Fin da epoca romana le limitazioni alla capacità giuridica della donna  vengono spiegate dai giuristi latini con pretese qualità negative come l'ignorantia iuris (ignoranza della legge), imbecillitas mentis (inferiorità naturale), infirmitas sexus (debolezza sessuale), levitatem animi (leggerezza d'animo). La rivendicazione di questa radicale diversità tra uomo e donna rifletteva una netta contrapposizione già esistente tra uomo e uomo, tipica delle società antagonistiche. Al pari degli impotenti o degli eunuchi, la donna romana, nel periodo arcaico, non poteva adottare; non poteva neppure rappresentare interessi altrui, né in giudizio, né in contrattazioni private; non poteva fare testamento o testimoniare, né garantire per debiti di terzi, né fare operazioni finanziarie; non poteva neppure essere tutrice dei suoi figli minori. Le veniva preclusa la facoltà d'intervenire nella sfera giuridica di terzi semplicemente perché - e con questo in pratica si chiudeva il cerchio della discriminazione - non aveva mai ufficialmente gestito alcun tipo di potere su altri. Sotto questo aspetto la società maschilista romana non faceva molta differenza tra donne ignobili e donne rispettabili, come per esempio le matrone. Le differenze erano solo di carattere etico-sociale, non certo politico.
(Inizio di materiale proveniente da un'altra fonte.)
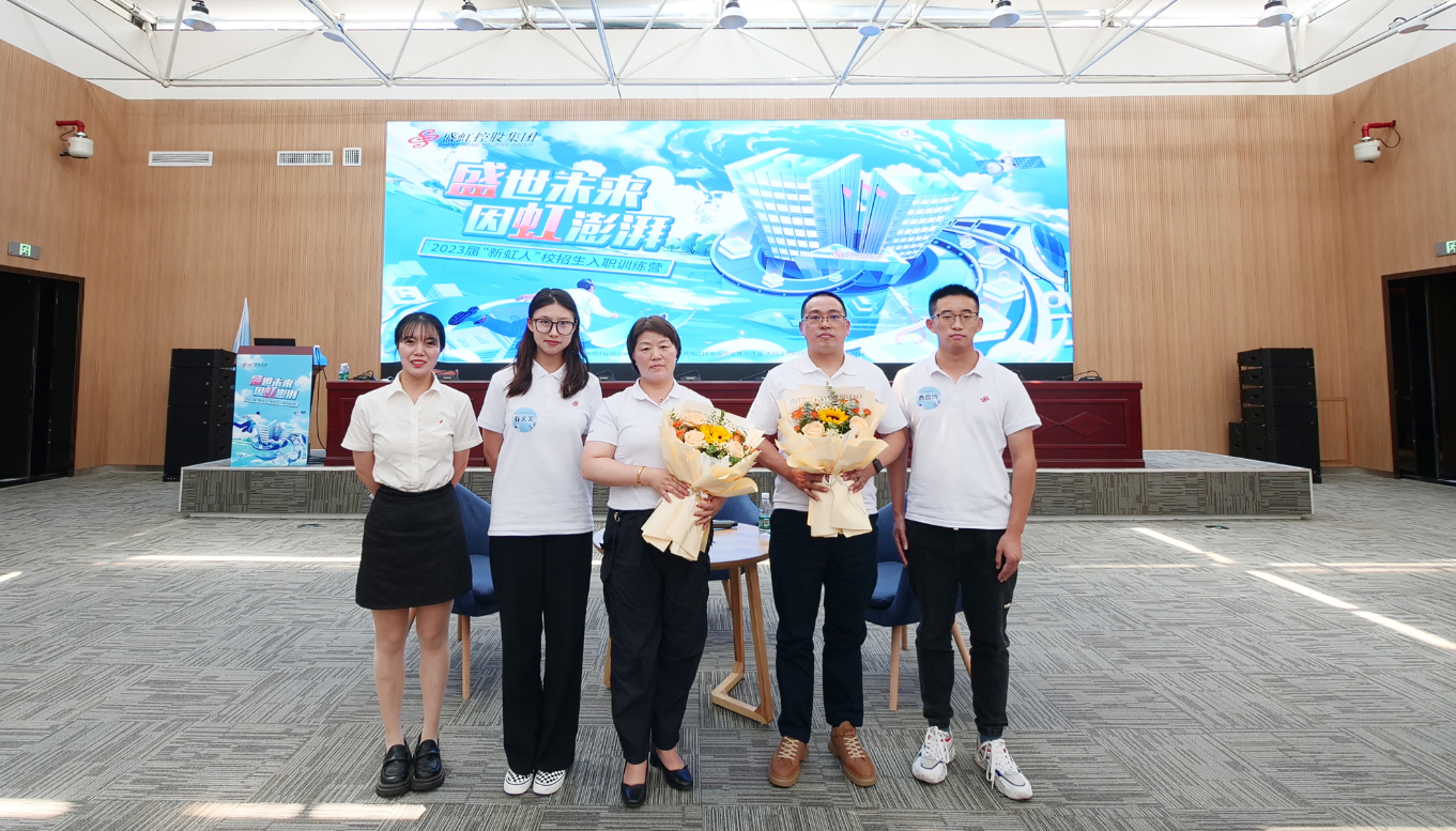 人力资源部副总监龚仁谱做动员讲话。各位领导对新虹人的到来表示热烈欢迎并提出了真挚的期望:期待新虹人们争当新时代的勇敢追梦人,在盛虹的舞台上实现自己的人生抱负。
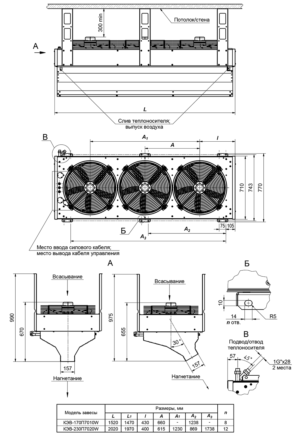 Водяная тепловая завеса Тепломаш КЭВ-170П7010W серии 700 Промышленная

 Ancora oggi le donne sono sotto-rappresentate e la carriera politica rimane per loro un percorso pieno di ostacoli. Eppure le donne non sono indifferenti alla politica e a dimostrarlo è la storia delle rivoluzioni, ricca di esempi di donne coraggiose, che hanno scelto la strada dell’azione senza aver paura della repressione, l’esilio e perfino la morte, pur di difendere le proprie idee. Durante la rivoluzione del 1789, le “tricoteuses” assistono quotidianamente alle sedute dell’Assemblea, intervenendo attivamente nei dibattiti: infatti, sono loro che cercheranno il Re a Versailles per condurlo a Parigi e porre fine alla monarchia. Emergono in quest’occasione personalità come quella di Théroigne de Méricourt, che partecipa alle giornate rivoluzionarie dell’agosto 1792 e viene per questo frustata in pubblico e coperta di offese. Oppure Madame Roland che andrà sul patibolo nel 1793 lanciando un grido che rimarrà celebre: “Libertà, quali crimini si commettono in nome tuo”. Nel 1791 Olympe de Gouges pubblica la Dichiarazione dei diritti della donna e della cittadina, in cui reclama il diritto di voto, la possibilità che le donne accedano a tutti gli impieghi pubblici e l’uguaglianza in tutto rispetto agli uomini. Anche lei sarà ghigliottinata.

Il 30 ottobre del 1793 furono proibiti i numerosi club femminili, dove si tenevano le assemblee e si proibirà alle donne di assistere alle assemblee politiche. Durante la Comune di Parigi del 1871 si assistette a una spettacolare partecipazione delle donne: esse attivano asili, mense, organizzazioni di solidarietà e partecipano a varie lotte finendo vittime della repressione dell’esercito di Versailles.

Culmine simbolico della lotta per l’emancipazione femminile,  il nuovo movimento femminista del 1968 rivendica una sua autonomia di lotta perché pone al centro della lotta politica la liberazione della donna la cui posizione nella società ha delle caratteristiche specifiche. La donna, oppressa e sfruttata dal sistema patriarcale e capitalistico, prende coscienza della sua condizione ed elabora una strategia rivoluzionaria che mira a conquistare per la prima volta la sua identità, la sua autonomia, la sua partecipazione alla storia come protagonista.